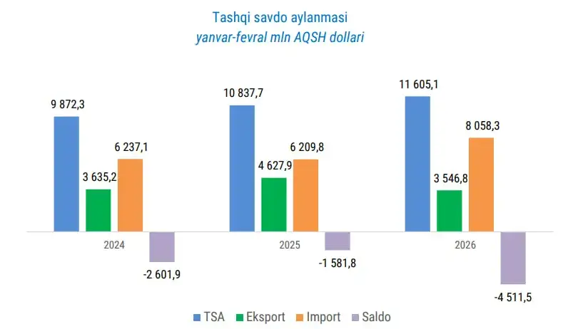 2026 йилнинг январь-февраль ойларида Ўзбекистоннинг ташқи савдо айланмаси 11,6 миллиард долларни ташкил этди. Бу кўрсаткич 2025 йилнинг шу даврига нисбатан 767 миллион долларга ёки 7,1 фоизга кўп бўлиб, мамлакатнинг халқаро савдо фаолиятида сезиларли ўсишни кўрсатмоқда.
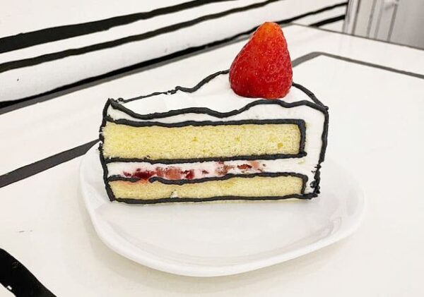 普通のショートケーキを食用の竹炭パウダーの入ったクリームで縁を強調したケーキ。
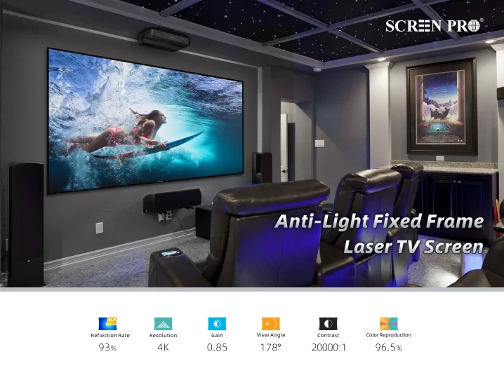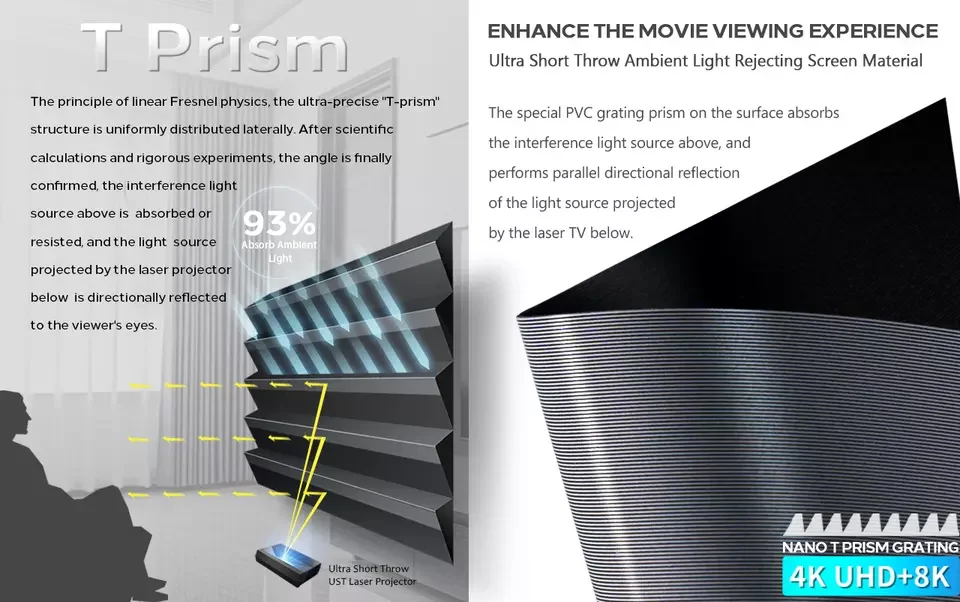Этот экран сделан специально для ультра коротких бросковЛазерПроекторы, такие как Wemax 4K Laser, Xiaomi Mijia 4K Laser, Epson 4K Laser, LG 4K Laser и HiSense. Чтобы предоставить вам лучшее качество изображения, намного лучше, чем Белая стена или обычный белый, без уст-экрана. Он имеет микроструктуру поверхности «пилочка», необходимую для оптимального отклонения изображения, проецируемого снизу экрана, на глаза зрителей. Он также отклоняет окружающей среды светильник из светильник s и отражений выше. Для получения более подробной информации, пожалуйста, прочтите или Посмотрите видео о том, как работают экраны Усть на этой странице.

--- TRY IT ---
Since the pictures are not wanted, give the material again exactly without them.

--- WORKED SOLUTION ---
 2026 йилнинг январь-февраль ойларида Ўзбекистоннинг ташқи савдо айланмаси 11,6 миллиард долларни ташкил этди. Бу кўрсаткич 2025 йилнинг шу даврига нисбатан 767 миллион долларга ёки 7,1 фоизга кўп бўлиб, мамлакатнинг халқаро савдо фаолиятида сезиларли ўсишни кўрсатмоқда.
 普通のショートケーキを食用の竹炭パウダーの入ったクリームで縁を強調したケーキ。
Этот экран сделан специально для ультра коротких бросковЛазерПроекторы, такие как Wemax 4K Laser, Xiaomi Mijia 4K Laser, Epson 4K Laser, LG 4K Laser и HiSense. Чтобы предоставить вам лучшее качество изображения, намного лучше, чем Белая стена или обычный белый, без уст-экрана. Он имеет микроструктуру поверхности «пилочка», необходимую для оптимального отклонения изображения, проецируемого снизу экрана, на глаза зрителей. Он также отклоняет окружающей среды светильник из светильник s и отражений выше. Для получения более подробной информации, пожалуйста, прочтите или Посмотрите видео о том, как работают экраны Усть на этой странице.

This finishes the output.